Records shown:
BEGIN
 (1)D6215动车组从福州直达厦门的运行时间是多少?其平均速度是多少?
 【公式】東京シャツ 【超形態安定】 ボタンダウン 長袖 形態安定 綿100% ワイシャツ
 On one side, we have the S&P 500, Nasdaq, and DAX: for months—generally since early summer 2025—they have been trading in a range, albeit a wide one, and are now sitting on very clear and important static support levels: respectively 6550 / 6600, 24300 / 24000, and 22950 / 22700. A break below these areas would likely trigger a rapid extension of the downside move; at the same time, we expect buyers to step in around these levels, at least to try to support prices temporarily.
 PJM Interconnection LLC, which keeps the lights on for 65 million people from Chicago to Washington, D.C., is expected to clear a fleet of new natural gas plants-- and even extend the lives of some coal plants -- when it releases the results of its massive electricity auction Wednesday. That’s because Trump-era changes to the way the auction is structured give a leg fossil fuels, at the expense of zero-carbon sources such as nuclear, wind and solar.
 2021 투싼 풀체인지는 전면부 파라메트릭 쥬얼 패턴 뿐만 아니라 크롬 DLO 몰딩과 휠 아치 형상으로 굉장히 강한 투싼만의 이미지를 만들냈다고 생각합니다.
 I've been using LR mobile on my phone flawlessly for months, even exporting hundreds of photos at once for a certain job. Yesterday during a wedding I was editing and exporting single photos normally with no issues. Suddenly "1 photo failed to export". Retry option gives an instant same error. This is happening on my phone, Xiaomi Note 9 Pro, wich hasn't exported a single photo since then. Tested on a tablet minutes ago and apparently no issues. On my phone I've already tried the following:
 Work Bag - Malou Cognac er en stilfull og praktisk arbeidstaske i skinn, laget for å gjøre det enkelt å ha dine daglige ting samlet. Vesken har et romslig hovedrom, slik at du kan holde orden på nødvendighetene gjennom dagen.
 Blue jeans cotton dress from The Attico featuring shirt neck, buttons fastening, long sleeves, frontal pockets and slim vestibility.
END
Assignment:
Write out, word for word, every line from the one containing "On one side, we" through the last line of the records above.

Task output:
 On one side, we have the S&P 500, Nasdaq, and DAX: for months—generally since early summer 2025—they have been trading in a range, albeit a wide one, and are now sitting on very clear and important static support levels: respectively 6550 / 6600, 24300 / 24000, and 22950 / 22700. A break below these areas would likely trigger a rapid extension of the downside move; at the same time, we expect buyers to step in around these levels, at least to try to support prices temporarily.
 PJM Interconnection LLC, which keeps the lights on for 65 million people from Chicago to Washington, D.C., is expected to clear a fleet of new natural gas plants-- and even extend the lives of some coal plants -- when it releases the results of its massive electricity auction Wednesday. That’s because Trump-era changes to the way the auction is structured give a leg fossil fuels, at the expense of zero-carbon sources such as nuclear, wind and solar.
 2021 투싼 풀체인지는 전면부 파라메트릭 쥬얼 패턴 뿐만 아니라 크롬 DLO 몰딩과 휠 아치 형상으로 굉장히 강한 투싼만의 이미지를 만들냈다고 생각합니다.
 I've been using LR mobile on my phone flawlessly for months, even exporting hundreds of photos at once for a certain job. Yesterday during a wedding I was editing and exporting single photos normally with no issues. Suddenly "1 photo failed to export". Retry option gives an instant same error. This is happening on my phone, Xiaomi Note 9 Pro, wich hasn't exported a single photo since then. Tested on a tablet minutes ago and apparently no issues. On my phone I've already tried the following:
 Work Bag - Malou Cognac er en stilfull og praktisk arbeidstaske i skinn, laget for å gjøre det enkelt å ha dine daglige ting samlet. Vesken har et romslig hovedrom, slik at du kan holde orden på nødvendighetene gjennom dagen.
 Blue jeans cotton dress from The Attico featuring shirt neck, buttons fastening, long sleeves, frontal pockets and slim vestibility.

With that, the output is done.